Read my stuff before you judge this book by its cover.
Lefty? Try
http://sexandabortion.blogspot.com
and read the paper I submitted on the topic for Outka's Religious Ethics and Modern Moral issues class in 1976.
Otherwise stuff your opinions back in the sack of flesh from which they were vomitted.
White? My great great great grandmother was a native American squaw.
BTW: it is my contention (if you read my stuff) that ALL religions evolve and that SOME religions are further along in the process (and process is not necessarily progress, unless you consider the materialistic christianity of America "progress".)
NB: We could feed every starving child in the world for a DECADE with the money spent on fuel for one MONTH to heat the huge hollow sanctuaries christians use for worship every Sunday in America.
Of course I am speaking about religion in derogatory terms. Are you deaf?
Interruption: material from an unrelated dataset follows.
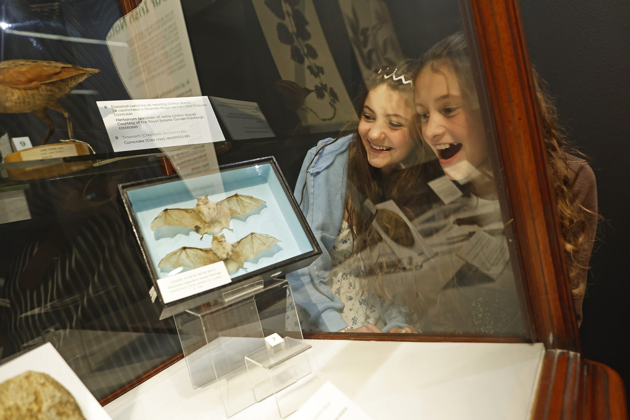 Image: Meadhbh Ruane (11) and her sister Fionnuala (12) from Belmont NS, Milltown, at the launch of Our Irish Natural History at the National Museum of Ireland, Collins Barracks. Image: ICAN/Julien Behal.

I have been doing so for forty years beginning with Holy Smoke, my student authored publication at Yale Divinity School (which I attended BTW while serving as an apartment superintendent for an 88 unit low income housing project on Elm Street--hardly a privileged lefty white guy position (glorified janitor).
I guarantee I have compacted more garbage than #5 has ever come near, unless we count what issues forth from his mouth (and I make the "his" inference with dubious certainty)
Primitive? The women at the time of the Salem witch trials were treated in the same manner as some women in current Middle Eastern and African religions: their bodies were considered sinful and it was mandated that they be covered from head to foot except for the face and hands so that the poor helpless males would not be reduced to trembling blobs of erotic protoplasm in the presence of sinful female flesh.
This custom still prevails in the US
in some sects today.
Now the question is: is evolution progress or is it merely a process.
"Primitive" seems to have irritated
#5
It was used in the sense of "in the beginning stages of". However if evolution is simply a process and not progress, the beginning stages have no more inherent value than any other stage.
In fact, all of Judaism and Christianity worship through interpretation of a "primitive" text: Old and New Testament to which has been ascribed magical value by countless generations of the superstitious.
It is interesting that #5 like so many of the posters hides his invective behind the veil of anonymity.
Rather primitive on the courage-continuum, don't you think?